Both groups presented reduced visuospatial performances, as assessed by QSPT scores. DLB compared to AD showed a statistically significant difference in QSPT rotation parameter (p = 0.022). In DLB, worse performance at QSPT total score, i.e. more severe visuospatial impairment, correlated with brain occipital hypometabolism (i.e. lateral occipital cortex, calcarine cortex, fusiform and lingual gyri).
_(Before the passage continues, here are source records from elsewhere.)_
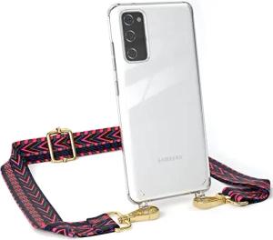 Handykette - Verstellbarer Trageriemen kompatibel mit Samsung Galaxy S20 FE / S20 FE 5G, Schulterriemen, Handykordel mit Case, DIY Gürteltasche mit Hülle, Pink/Blau - Metallstücke Gold
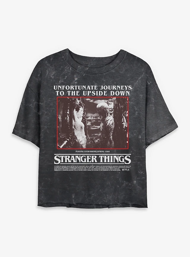 Stranger Things Welcome To The Upside Down Character Panels Womens Mineral Wash Crop T-Shirt
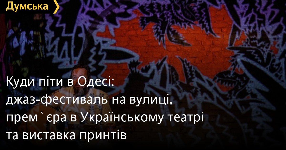 «Думська» продовжує тримати руку на пульсі культурного життя Одеси та розповідати про заходи, які варто відвідати. Цього тижня буде багато цікавого – прем'єра вистави в Українському театрі, концерт симфонічної музики в Музкомедії, виставка принтів та навіть невеликий джаз-фестиваль на «Книжці».
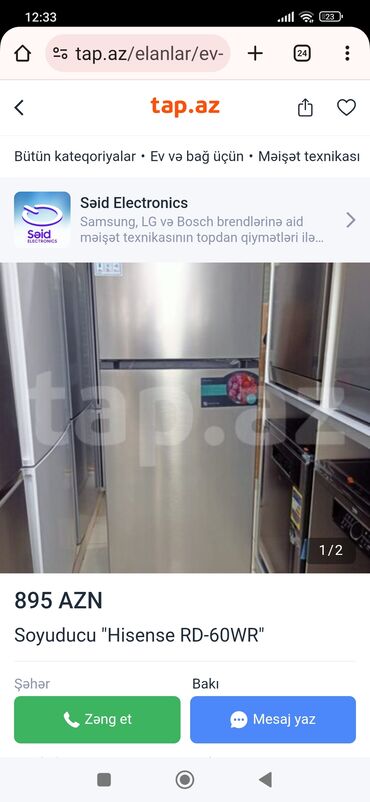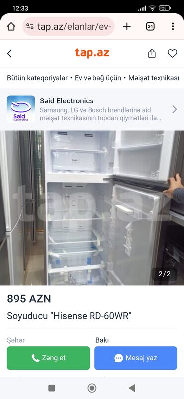 Hisense iki qapılı soyuducu (üstdən dondurucu)

In AD, worse performance at QSPT total score correlated with brain hypometabolism in the right parietal cortex (i.e. superior and inferior parietal cortex and angular gyrus).
These findings reveal that visuospatial deficits may derive from distinct brain alterations in AD and DLB. We propose that the inabilities to perform correctly the QSPT task is related to altered visuoperceptual process in DLB, and visuospatial process in AD. This is consistent with our results showing hypometabolism in brain system related to visuoperceptual processing, namely the occipital cortex in DLB, and visuospatial processing, namely parietal cortex in AD.
•Qualitative Scoring Pentagon Test is useful for visuospatial deficits assessment.•Visuospatial deficits commonly occur in both Lewy body and Alzheimer's dementia.•Visuospatial deficits correlate with occipital hypometabolism in Lewy body dementia.•Visuospatial deficits correlate with parietal hypometabolism in Alzheimer's dementia.•Different neurocircuits underlie visuospatial deficits in the two conditions.